Summary
This 8-K filing from Discovery Communications, Inc. (though listed as Warner Bros. Discovery, Inc. in the prompt, the filing itself is for Discovery Communications, Inc. as it predates the WBD merger) on May 10, 2012, reports on a significant debt offering. Discovery Communications, LLC (DCL) is issuing $1 billion in aggregate principal amount of Senior Notes, split between $500 million of 3.30% Senior Notes due 2022 and $500 million of 4.95% Senior Notes due 2042. The offering is conducted under a registration statement filed previously with the SEC. Investors should note that the net proceeds, estimated at approximately $983.35 million after discounts and expenses, are intended for general corporate purposes. This includes potential acquisitions, debt repayment/refinancing, working capital, capital expenditures, and stock repurchases. The notes are guaranteed by Discovery Communications, Inc. The expected closing date for the offering is May 17, 2012. This move suggests the company is looking to manage its capital structure, potentially fund growth initiatives, or return capital to shareholders.
Key Highlights
- 1Discovery Communications, LLC (DCL) is issuing $500 million in 3.30% Senior Notes due 2022 and $500 million in 4.95% Senior Notes due 2042.
- 2The aggregate principal amount of the debt offering is $1 billion.
- 3The net proceeds from the offering are expected to be approximately $983.35 million after accounting for underwriting discounts and estimated expenses.
- 4The net proceeds will be used for general corporate purposes, including potential acquisitions, debt refinancing, working capital, capital expenditures, and stock repurchases.

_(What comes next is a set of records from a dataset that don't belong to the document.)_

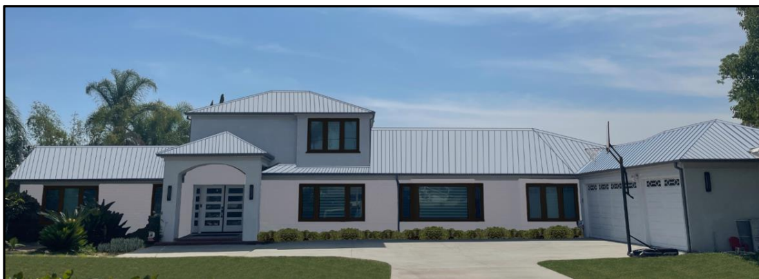
Figure No. 3: Rendering of proposed façade improvements.

The proposed standing seam metal roof is manufactured by Western States Metal Roofing in the Matte Musket Gray (medium gray) color. Along with the new roof, the property owner is also proposing to change the color of the windows frames from white to black and paint the red brick white to modernized appearance of the house and try to complement the proposed metal roof – refer to Attachment No. 3 for the product information on the metal roof and a rendering of the façade improvement and Figure No. 3 below. The rendering below does not provide an accurate depiction of the colors but is included for visual reference of the area in change. If approved, the property owner intends change the accessory dwelling unit (ADU) facade to match the main house (in terms of colors) as well as the roof. The roof for the ADU has not been purchased yet.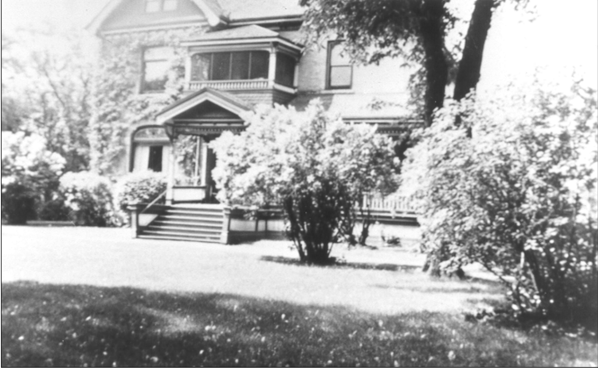
Plate 3 – “Beechmount”, 134 West Gate, ca.1908. This picture shows the extent and beauty of the original wooden porch.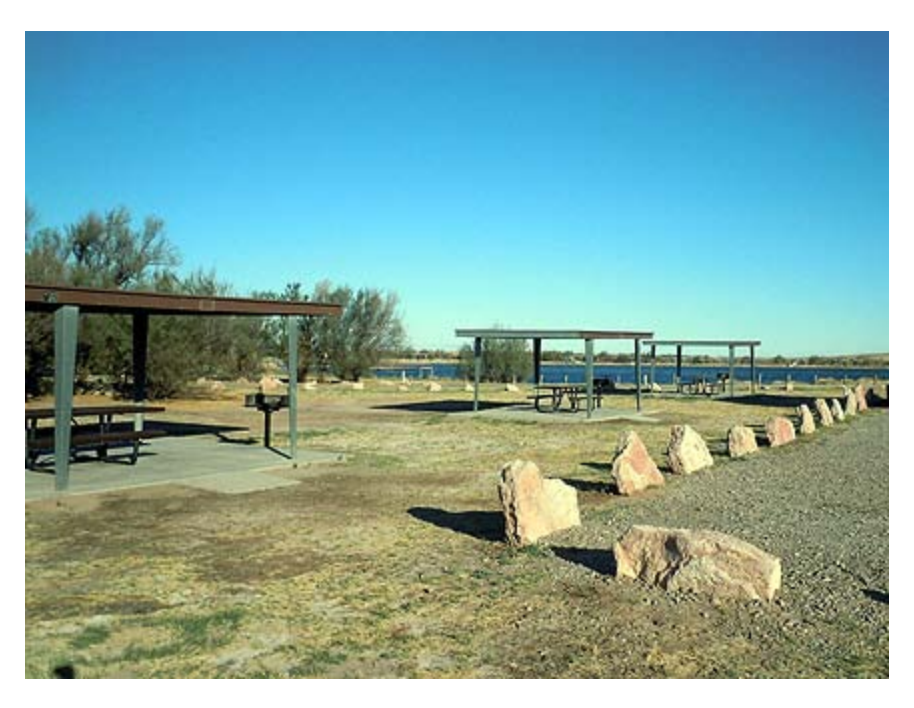
There was a pavilion next door that made an excellent place to play ball with the dogs.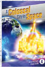
Study Guide 4: A Colossal City in Space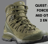
QUEST 4D FORCES MID GTX 2 EN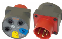
Three-phase socket adapter 16A / 32A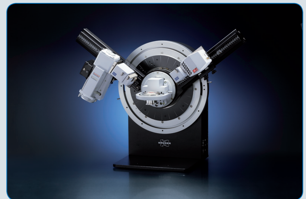
Bragg-Brentano geometry with LYNXEYE detector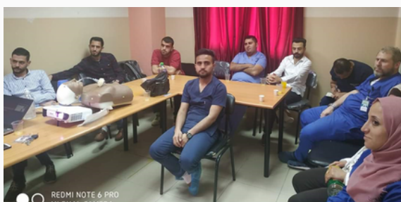
Tubas Governmental Hospital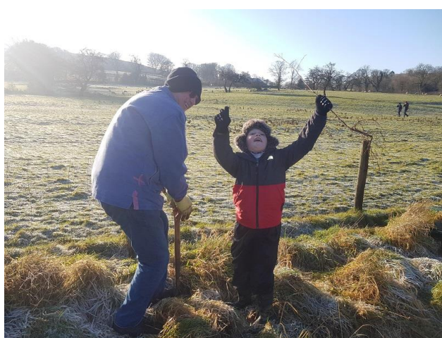
Tree planting at Downham Beck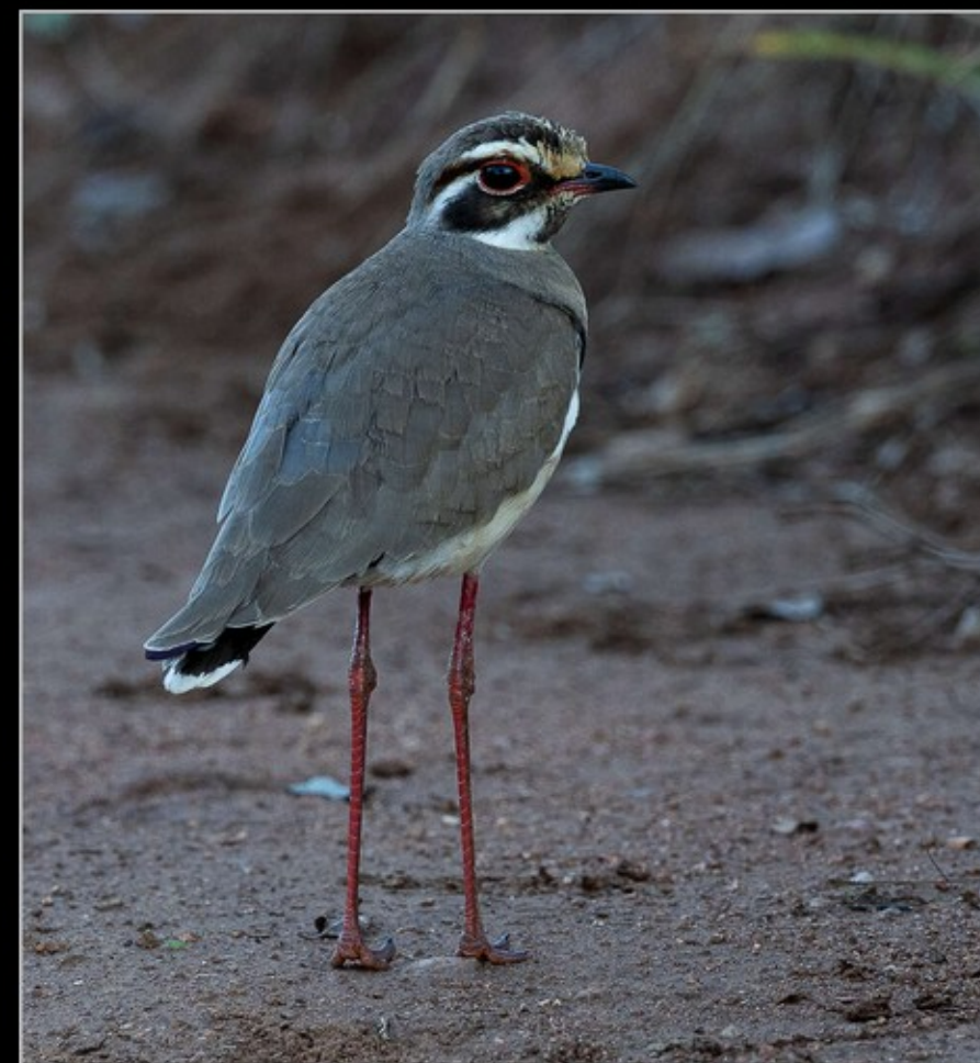
NB-5 star-Keith Boehme-34-G-Bronze Winged Courser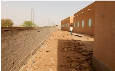
New perimeter wall under construction at the high school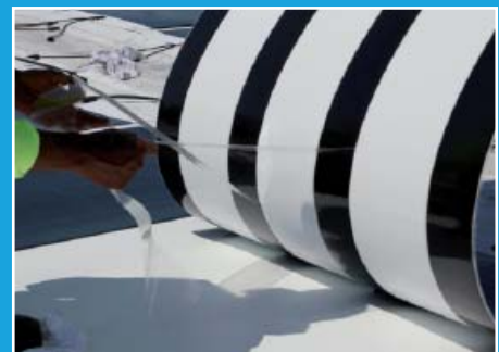
Peel & Stick Modules to Membrane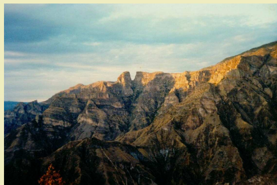
Barranca del Cobre, Mexico

Pictures in the text show places of inspiration.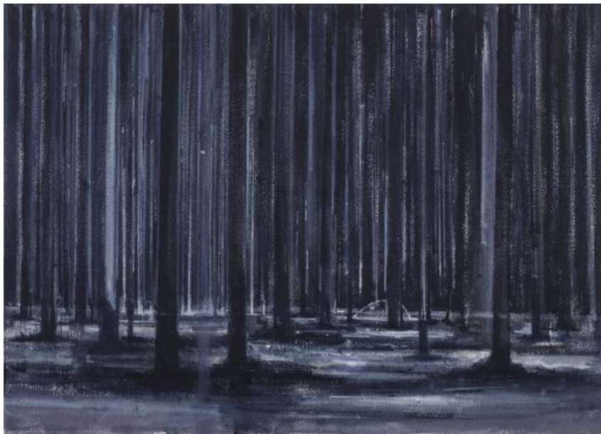
Turbid Landscape, Untitled, 2014 Oil on canvas 50 x 70 cm

Zhu Xinyu fantasizing dive into the twists and turns of landscapes and enchanted forests. His large oil paintings bring the audience between the shadows and glimmers of strange and ethereal twilight passing through the trees. With his hypersensitive work and his interest in mystical ecology, Zhu Xinyu never deals with landscapes romantically, but rather symbolically. If the forest is capable of evoking the relationship between shadows, light and the body, here it is also a place of reminiscence and of meditation, away from the noise of the world.

- 5The offering is being conducted through an Underwriting Agreement with J.P. Morgan Securities LLC, Merrill Lynch, Pierce, Fenner & Smith Incorporated, and RBS Securities Inc. as representatives.
- 6The offering is expected to close on May 17, 2012, subject to customary closing conditions.
- 7Discovery Communications, Inc. (the Guarantor) is providing a full and unconditional guarantee for DCL's obligations under the notes.